Цветаева писала в апреле—мае 1931 года, вспоминая о том, что мать, ужасаясь содержанию (почти неизменно любовному) ее полудетских стихов, не давала ей бумаги: «Не будет бумаги - не будет писать. Главное же - то, что я потом делала с собой всю жизнь - не давали потому, что очень хотелось. Как колбасы, на которую стоило нам только взглянуть, чтобы заведомо не получить. Права на просьбу в нашем доме не было. Даже на просьбу глаз. Никогда не забуду, впрочем, единственного - потому и не забыла! - небывалого случая просьбы моей четырехлетней сестры - матери, печатными буквами во весь лист рисовальной бумаги (рисовать - дозволялось). - Мама! Сухих плодов, пожаласта! - просьбы, безмолвно подсунутой ей под дверь запертого кабинета. Умиленная то ли орфографией, то ли карамзинским звучанием (сухие плоды), то ли точностью перевода с французского (fruits secs), а скорее всего не умиленная, а потрясенная неслыханностью дерзания - как-то сробевши - мать - „плоды“ - дала. И дала не только просительнице (любимице), но всем: нелюбимице - мне и лодырю-брату. Как сейчас помню: сухие груши. По половинке (половинки) на жаждущего…» Зная, что любой ее порыв обязательно будет подавлен, маленькая Муся (имя, придуманное для Марины дома) чувствовала себя нелюбимой, ей казалось, будто мать предпочитает Асю, она обижалась по пустякам, иногда дело доходило даже до того, что возникала мысль: а не одержима ли она дьяволом или, наоборот, она - избранница Божья… Хотя - разве это не одно и то же?

И только тогда, когда Марина брала в руки перо, она обретала нечто похожее на равновесие души. Ловко импровизировать со словами доставляло ей такое же почти экстатическое наслаждение, как ее матери - перебирать пальцами клавиши. Шестилетней девочка уже тайком записывала, торопясь, чтоб не застали за этим занятием, какие-то рифмованные окончания фраз или просто рифмы, изощряясь в перескоках от образа к образу - так, словно бросала камешки в недвижную воду, ожидая, пока пойдут круги, так, словно прыгала на одной ножке, играя в начерченные мелом на тротуаре классы: из одной нумерованной клетки в другую… Пока еще это был всего лишь ребяческий лепет, пока еще дело не шло дальше неприхотливой игры словами, но и здесь уже находила себе выход потребность запечатлеть черным по белому мысли, которые переполняли светлую головку ребенка, кружили ее и были столь властны и столь таинственны, что невольно создавали у девочки ощущение, что она совершает некий сладостный грех.

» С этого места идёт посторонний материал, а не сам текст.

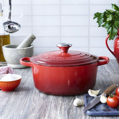Laat de gebruikte pan eerst afkoelen. Sterk afkoelen van het gietijzer door middel van koud water wordt afgeraden, hierdoor kan namelijk de emaille beschadigd worden. Was de pan/pot met warm water en een beetje afwasmiddel (bij pure gietijzeren pannen, zonder emaille laag, mag geen afwasmiddel gebruikt worden). Gebruik nooit schuursponsjes, schuurmiddel of ander bijtende schoonmaakmiddelen. Bij voorkeur gebruik je een zachte spons of afwasborstel. Droog de pan goed af voordat je deze opbergt, zo voorkom je roestplekken. Toch roestplekken? Haal deze dan (per uitzondering) weg met een schuursponsje. Vet daarna de pan in met (natuurlijke) olie (maisolie od) en laat intrekken. Wrijf de geschuurde plek regelmatig in met olie om roest tegen te gaan.

Осенью 1901 года Марина впервые идет в гимназию - 4-ю женскую гимназию на Садовой близ Кудринской. Теперь каждый день Ася с гувернанткой заходят за ней после классов. Баллы, которые получает свежеиспеченная школьница, настолько высоки, что мать - не изменяя своей обычной сдержанности - радуется, хотя и старается не показать этого. При всяком удобном случае, узнав об очередных успехах дочери, она предостерегает ее - точно так же, как предостерегала во время занятий музыкой, когда Муся была еще совсем малышкой: если я и поздравляю тебя с тем, что тебе что-то удалось, то только - из-за усердия в занятиях. Дар Божий, не устает повторять Мария Александровна, ничего общего не имеет с так называемой искрой Божьей; истинному гению всегда нужно время на то, чтобы проявиться, и времени на это обычно уходит много. Подобными проповедями Мария Александровна надеялась умерить беспорядочные метания дочери, склонной к тревожившим мать скачкам настроения. В глубине души эта женщина, чей муж был слишком занят и чья музыкальная карьера чересчур рано прекратилась, таила одну-единственную надежду: самореализоваться в своем дитяти. Однако дитя это, которое, с одной стороны, она мечтала бы видеть образцом всех лучших качеств, с другой - чуть-чуть ее страшило. И неудивительно: избыток нежности и чуткости, свойственных ребенку, несколько подавлял мать.

«Мама и папа были люди совершенно непохожие, - напишет 8 апреля 1914 года Марина в письме, надолго оставшемся неизданным. - У каждого своя рана в сердце. У мамы - музыка, стихи, тоска, у папы - наука. Жизни шли рядом, не сливаясь. Но они очень любили друг друга». И - в другом месте, позже: «Мать - залила нас музыкой. (Из этой Музыки, обернувшейся Лирикой, мы уже никогда не выплыли - на свет дня!)…Мать залила нас всей горечью своего несбывшегося призвания, своей несбывшейся жизни, музыкой залила нас, как кровью, кровью второго рождения». И еще: «…это было письменное, писeцкое, писательское рвение. Музыкального рвения - и пора об этом сказать - у меня не было. Виной, вернее, причиной было излишнее усердие моей матери, требовавшей от меня не в меру моих сил и способностей, а всей сверхмерности и безвозрастности настоящего рожденного призвания. С меня требовавшей - себя! С меня, уже писателя - меня, никогда не музыканта». И еще это признание: «Бедная мать, как я ее огорчала и как она никогда не узнала, что вся моя „немузыкальность“ была - всего только лишь другая музыка! » И, наконец, это: «После такой матери мне оставалось только одно: стать поэтом. Чтобы избыть ее дар - мне, который бы задушил или превратил меня в преступителя всех человеческих законов».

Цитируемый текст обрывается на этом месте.